◆ **Exercise instructions**
Your output should consist of the lines from the first line of the records below through the one with "Colar banhado a", exactly, minus the pictures.

#### Records shown

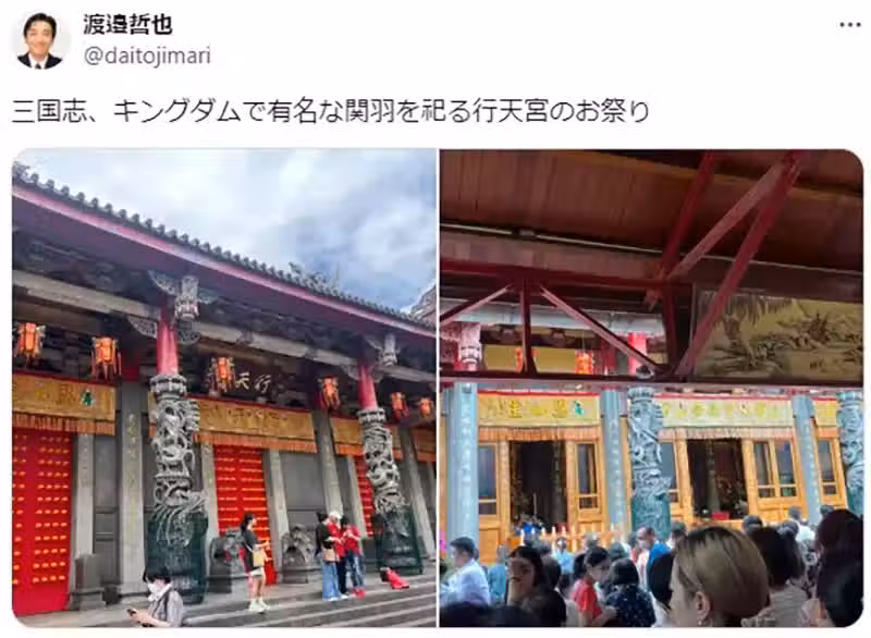 渡邊哲也透過個人的X帳號發文,分享自己前往行天宮拜拜的事情。但是他卻將行天宮主祀的關聖帝君(關羽),說成在動漫作品《王者天下》出現的人物,隨即引來大量網友的吐槽了!
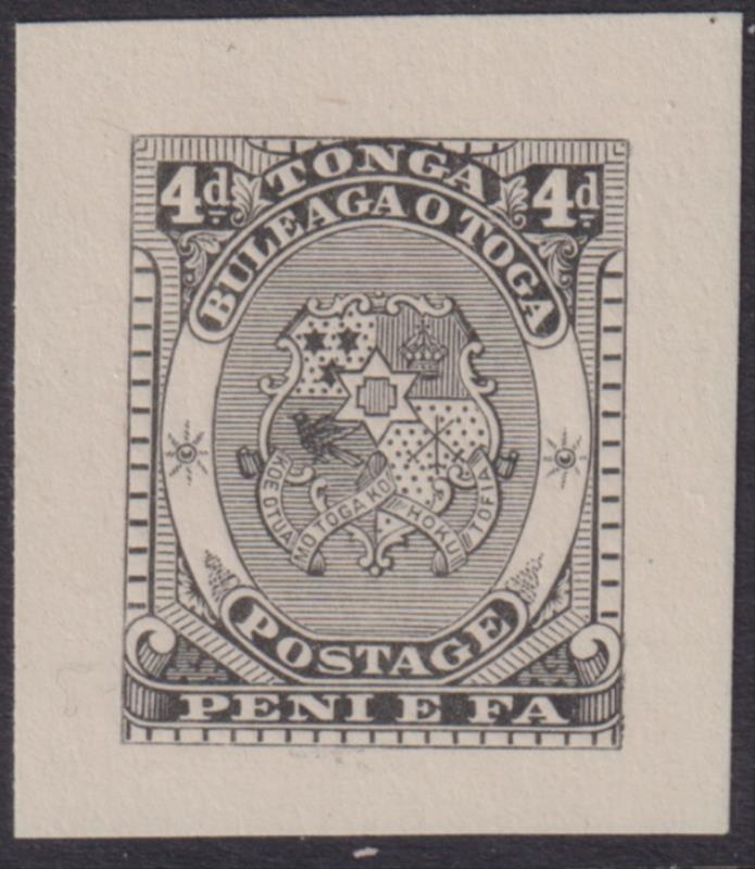 Tonga c1892 4d Arms black, 25mm x 30mm, die proof, on unwmkd paper. (Image)
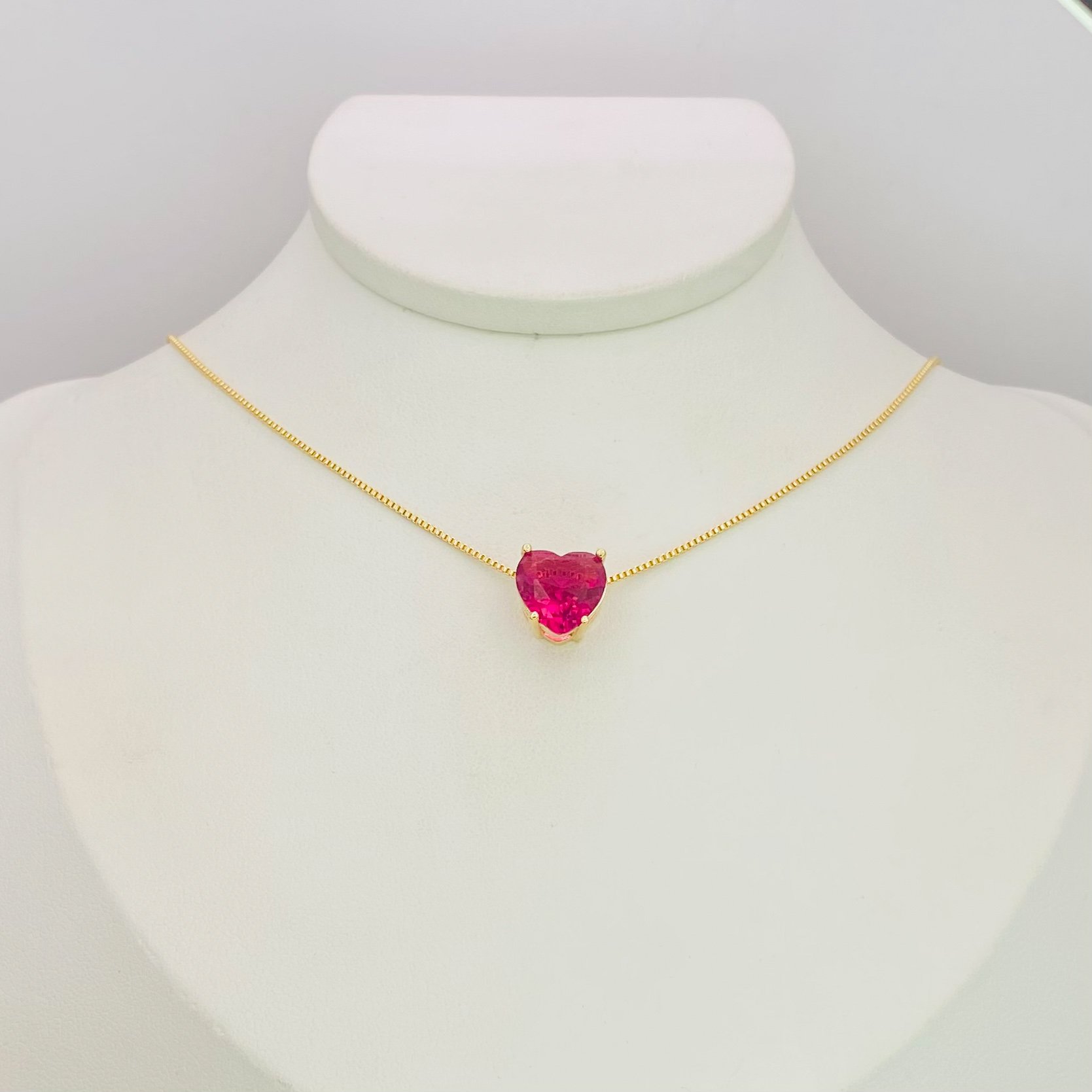 Colar banhado a ouro 18k (4 milésimos) + verniz italiano, com pingente transpassado de coração 10mm rosa pink.
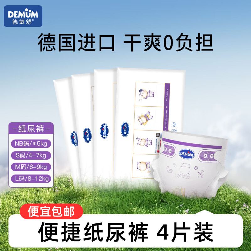 德敏舒(DEMUM)原装德国进口纸尿裤试用装独立包装 纸尿裤试用装NB*4片(小于5kg)
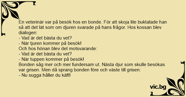 En veterinär var på besök hos en bonde. För att skoja lite buktalade han så att det lät som om djuren svarade på hans frågor. Hos kossan blev dialogen:
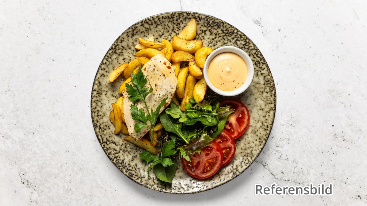 Med klyftpotatis och vitlökssås.

########

◆ **Result for this exercise**
 渡邊哲也透過個人的X帳號發文,分享自己前往行天宮拜拜的事情。但是他卻將行天宮主祀的關聖帝君(關羽),說成在動漫作品《王者天下》出現的人物,隨即引來大量網友的吐槽了!
 Tonga c1892 4d Arms black, 25mm x 30mm, die proof, on unwmkd paper. (Image)
 Colar banhado a ouro 18k (4 milésimos) + verniz italiano, com pingente transpassado de coração 10mm rosa pink.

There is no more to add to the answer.